Dal 1957, anno delle morte di Christian Dior, nella casa francese si sono susseguiti diversi direttori creativi. Il giovane Yves Saint Laurent viene sostituito da Marc Bohan nel 1960, il quale cede a sua volta il passo a Gianfranco Ferrè alla fine degli anni ’80. Nel 1997 è la volta di John Galliano che rivoluziona lo stile del marchio francese e rimane fino al 2012 quando entra in scena Raf Simons che darà le sue dimissioni dopo soli tre anni.

L’8 luglio 2016 la nomina di Maria Grazia Chiuri per la gestione artistica della linea donna di Dior viene definitivamente ufficilizzata. Bernard Arnault, proprietario del gruppo LVMH di cui fa parte anche la maison francese, commenta così l’evento: “Il talento di Maria Grazia Chiuri è immenso e riconosciuto a livello internazionale. Lei porterà con sé la sua visione elegante e moderna della donna, in perfetta armonia con i codici della Maison e l’eredità creativa di Monsieur Dior”.

maria grazia e le donne

La prima cosa che mi hanno detto quando sono arrivata da Dior è che si trattava di un’azienda femminile, ma cosa significa oggi parlare delle donne e chi ci può aiutare a parlare bene delle donne?“. Questa è la domanda che Maria Grazia si pone in un’intervista per Artwave nell’iniziare la sua avventura francese. Da subito, però, Chiuri accoglie la sfida di creare abiti che parlino direttamente alle donne: “Mi piacciono tutte – dichiara a l’Officiel – Amo la loro compagnia. Ho molte amiche. Mi piace passare del tempo con mia figlia, mia madre, mia nonna. (…) Ammiro le donne che in passato hanno lottato per fare ciò che amavano davvero. Le sento vicine. In questo momento sto leggendo la biografia – scritta da Giovanna Zapperi – di Carla Lonzi, una critica d’arte femminista molto importante in Italia negli anni sessanta e settanta.

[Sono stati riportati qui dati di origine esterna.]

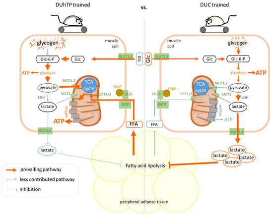 Despite the adaptation of running time and speed in the training design of this study to the capabilities of the mice, anaerobic glucose utilization plays a more important role in energy supply in the control line than in our marathon mouse model in response to physical activity, as evidenced by higher muscular CK activity, higher LDH activity and elevated plasma lactate levels in DUC than DUhTP mice. High circulating plasma lactate levels suppress the need for lipolysis because glucose and glycogen are abundant [8]. In this context, plasma lactate acts directly as a signal to adipose tissue by binding to the highly expressed receptor GPR81 in adipose tissue and leading to a dose-dependent inhibition of glycerol and FFA release via inhibition of adenylyl cyclase [59,60]. In contrast, GPR81-deficient mice do not show an antilipolytic response to lactate [60]. In marathon mice, the anti-lipolytic signal is absent during exercise due to low plasma lactate levels resulting from reduced LDH activity (Figure 5). Instead, increased fat mobilization from peripheral adipose tissues occurs alongside glucose oxidation without glycogen breakdown contribution, resulting in decreased fat depots (epididymal and posterior subcutaneous).

Una modella sfila indossando la t-shirt "We should all be feminist" di Maria Grazia Chiuri
La t-shirt “We should all be feminist” in passerella

Nella sua prima sfilata per la collezione primavera/estate 2017, tra abiti romantici finemente decorati, ecco quindi comparire la maglia dall’iconica scritta “We should all be feminists“, “dovremmo tutti essere femministi”, che diventa subito il capo più condiviso su Instagram e Twitter. Questa semplice t-shirt, al prezzo di mercato di 550 euro e andata immediatamente sold out, diventa un caso mediatico molto discusso e le vale il titolo di “stilista attivista”. A questo proposito, sempre per  l’Officiel, la Chiuri dichiara: “Penso che quando si parla di donne tra donne sia impossibile lasciare il femminismo fuori dalla discussione. Femminismo significa pari opportunità. Significa parlare del corpo in maniera diversa. Anche la moda parla del corpo. Come tutte le donne del mondo voglio essere l’unica ad avere controllo sul mio corpo. Non ci trovo niente di strano“.

lo stile

Nel creare la sua “donna Dior” Maria Grazia combina elementi classici e moderni per abiti allo stesso tempo eleganti e grintosi. Attraverso i suoi capi Chiuri comunica un’idea di donna romantica che non rinuncia ad un’estrema femminilità, ma allo stesso tempo è attiva protagonista del mondo attuale. Per dar vita a questo connubio la stilista crea un mix di materiali e stili. Utilizza, da un lato, veli dai colori tenui, impreziositi da gemme e ricami onirici. Dall’altro, lato sdrammatizza e modernizza i look tramite tocchi sportivi dati da t-shirt, blazer, uso del denim e della pelle.